An exact copy of all the data is required, with pictures left out.

-----

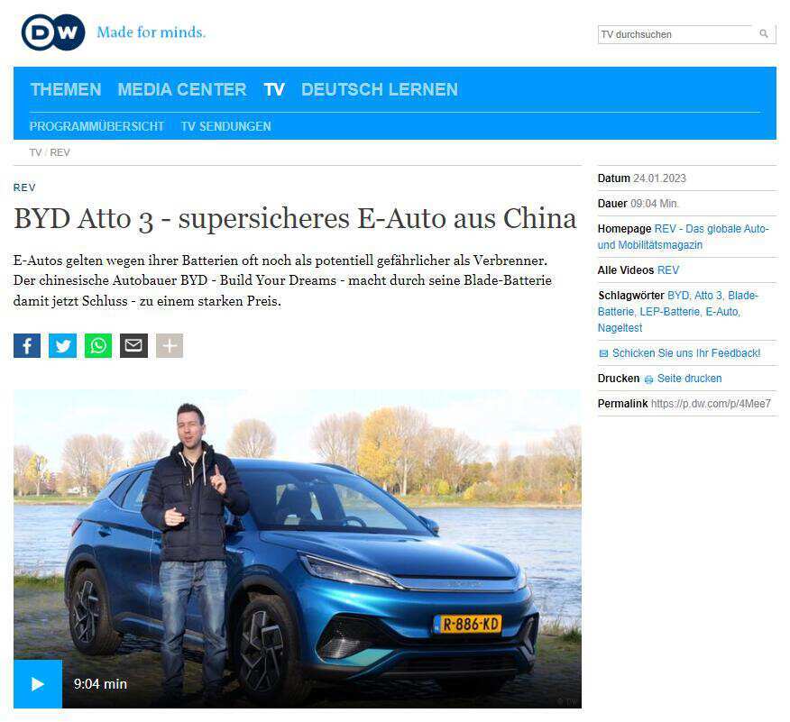 德国主流电视台DW、德国知名汽车媒体Auto Motor und Sport等对比亚迪Atto3(元plus)进行了详细测试。车评人测试完整车给出好评的同时,测试视频在海外媒体平台上传播之后,还圈粉了一众海外网友!
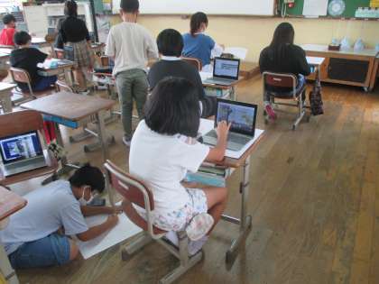 その画像をロイロノートで共有して,それぞれが考えた構図に合わせて線描を進めています。
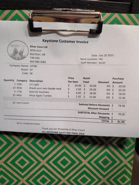 This is your invoice for the date listed above, and we hope you are as excited to get your items as we are! A photo of you invoice and your item(s) are included in this listing for you to review.
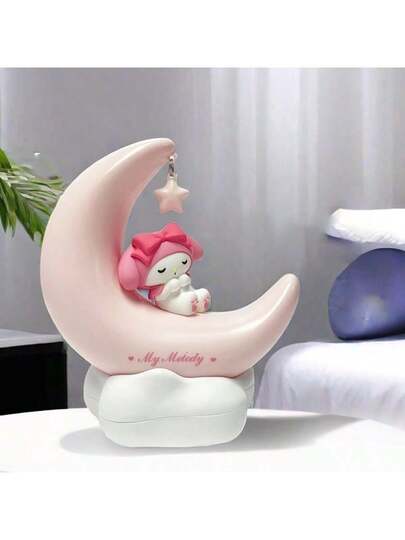 Miniso 1pc Sanrio My Melody LED Decorative Figurine, Crescent Moon Dream Design, Resin Nightlight, Bedroom Decor, Perfect Holiday & Birthday Gift (1pc Random Delivery) - Pink - View 1
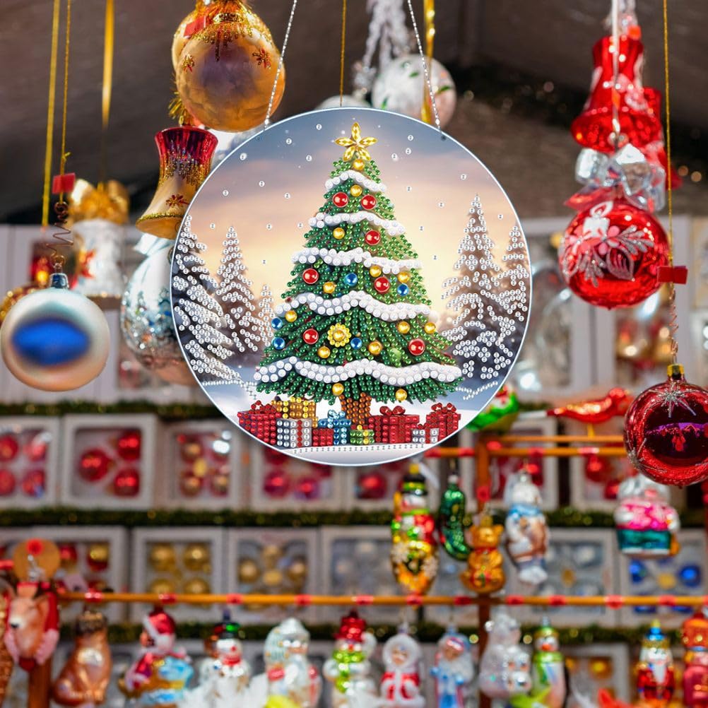 Details: Product name: DIY point drill Round pendant (single side point drill)Christmas tree pendant (double-sided dot diamond)Drill type: bright diamond + special-shaped diamondHanging material: AcrylicProduct size: as shown in the picturePackage size: 19*19cmProduct weight: about 150 gramsProducts include: 1* pendant, 1* chain, 1 set of diamond bag, 1* tool bagDIY Diamond Art Painting production steps:1. Open the package and check whether the Diamond Art Painting tools are complete;2. According to the resin diamond color code, choose a color on the plate, if you paste the same color at one time, you can increase the speed;3. Find the corresponding color code on the canvas and start pasting until it is completed;4. After the completion, in order to make the Diamond Art Painting stable, you can take some books and put it on the canvas for a while;5. Finally finished.Notice:This is diy Diamond Art Painting, not finished, you need to finish it by yourself. All products are measured by hand, please allow 1-2cm deviation
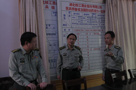 5月8日,宜昌军分区司令员孟春林一行在枝江市人武部部长胡文雄、政委邓正平等人的陪同下到枝江酒业检查指导民兵组织整顿工作,基层组织建设工作。枝江酒业党委书记张华、副总经理刘前生对来访领导给予了热情接待,并陪同参观了枝江酒业展厅、包装车间、酿造车间。
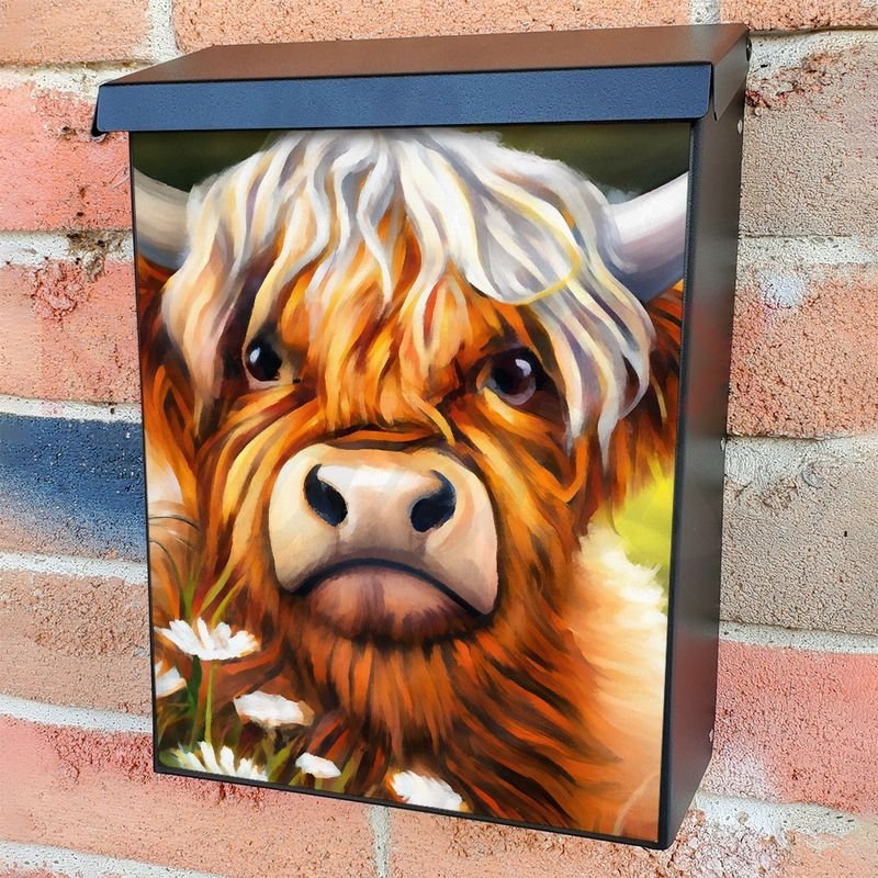 This Young Highland Cow mailbox design was created by Krisztina Soos
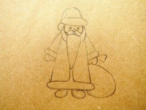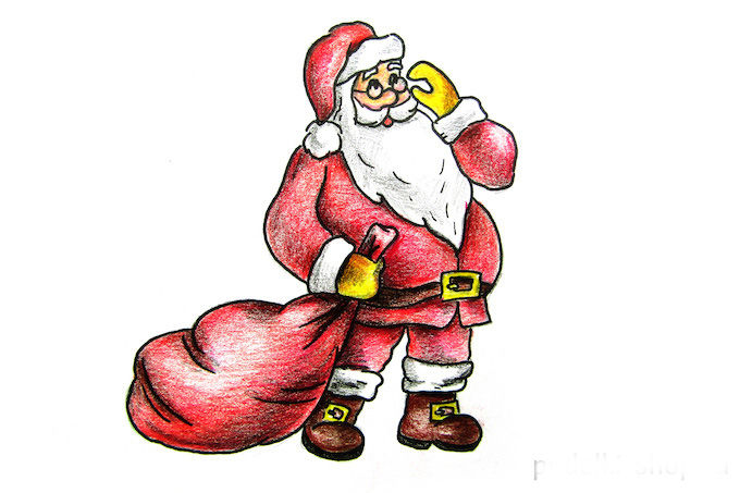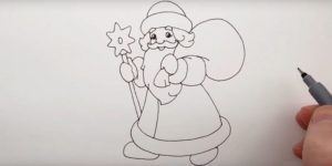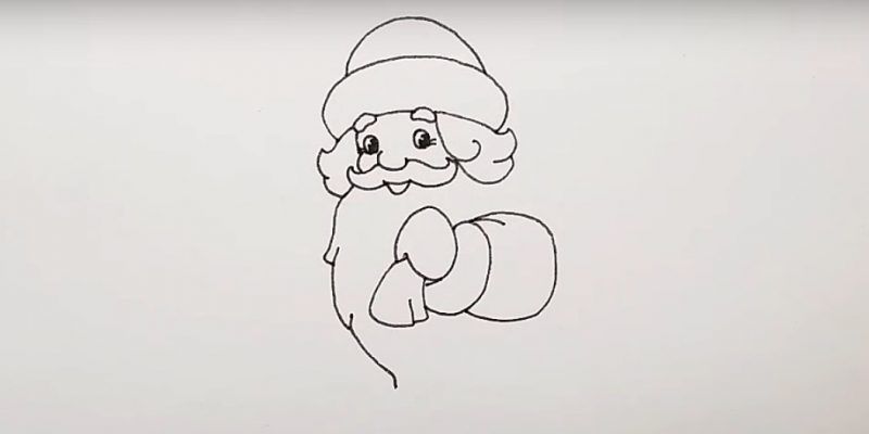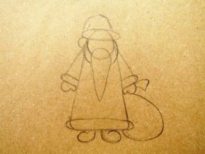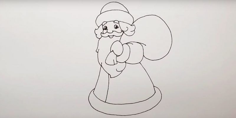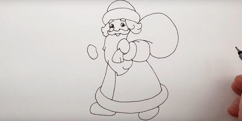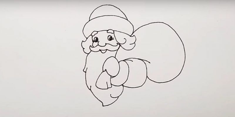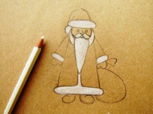 Как да нарисуваме Дядо Коледа с торба с подаръци с молив, стъпка по стъпка

-----

Result:
 德国主流电视台DW、德国知名汽车媒体Auto Motor und Sport等对比亚迪Atto3(元plus)进行了详细测试。车评人测试完整车给出好评的同时,测试视频在海外媒体平台上传播之后,还圈粉了一众海外网友!
 その画像をロイロノートで共有して,それぞれが考えた構図に合わせて線描を進めています。
 This is your invoice for the date listed above, and we hope you are as excited to get your items as we are! A photo of you invoice and your item(s) are included in this listing for you to review.
 Miniso 1pc Sanrio My Melody LED Decorative Figurine, Crescent Moon Dream Design, Resin Nightlight, Bedroom Decor, Perfect Holiday & Birthday Gift (1pc Random Delivery) - Pink - View 1
 Details: Product name: DIY point drill Round pendant (single side point drill)Christmas tree pendant (double-sided dot diamond)Drill type: bright diamond + special-shaped diamondHanging material: AcrylicProduct size: as shown in the picturePackage size: 19*19cmProduct weight: about 150 gramsProducts include: 1* pendant, 1* chain, 1 set of diamond bag, 1* tool bagDIY Diamond Art Painting production steps:1. Open the package and check whether the Diamond Art Painting tools are complete;2. According to the resin diamond color code, choose a color on the plate, if you paste the same color at one time, you can increase the speed;3. Find the corresponding color code on the canvas and start pasting until it is completed;4. After the completion, in order to make the Diamond Art Painting stable, you can take some books and put it on the canvas for a while;5. Finally finished.Notice:This is diy Diamond Art Painting, not finished, you need to finish it by yourself. All products are measured by hand, please allow 1-2cm deviation
 5月8日,宜昌军分区司令员孟春林一行在枝江市人武部部长胡文雄、政委邓正平等人的陪同下到枝江酒业检查指导民兵组织整顿工作,基层组织建设工作。枝江酒业党委书记张华、副总经理刘前生对来访领导给予了热情接待,并陪同参观了枝江酒业展厅、包装车间、酿造车间。
 This Young Highland Cow mailbox design was created by Krisztina Soos
 Как да нарисуваме Дядо Коледа с торба с подаръци с молив, стъпка по стъпка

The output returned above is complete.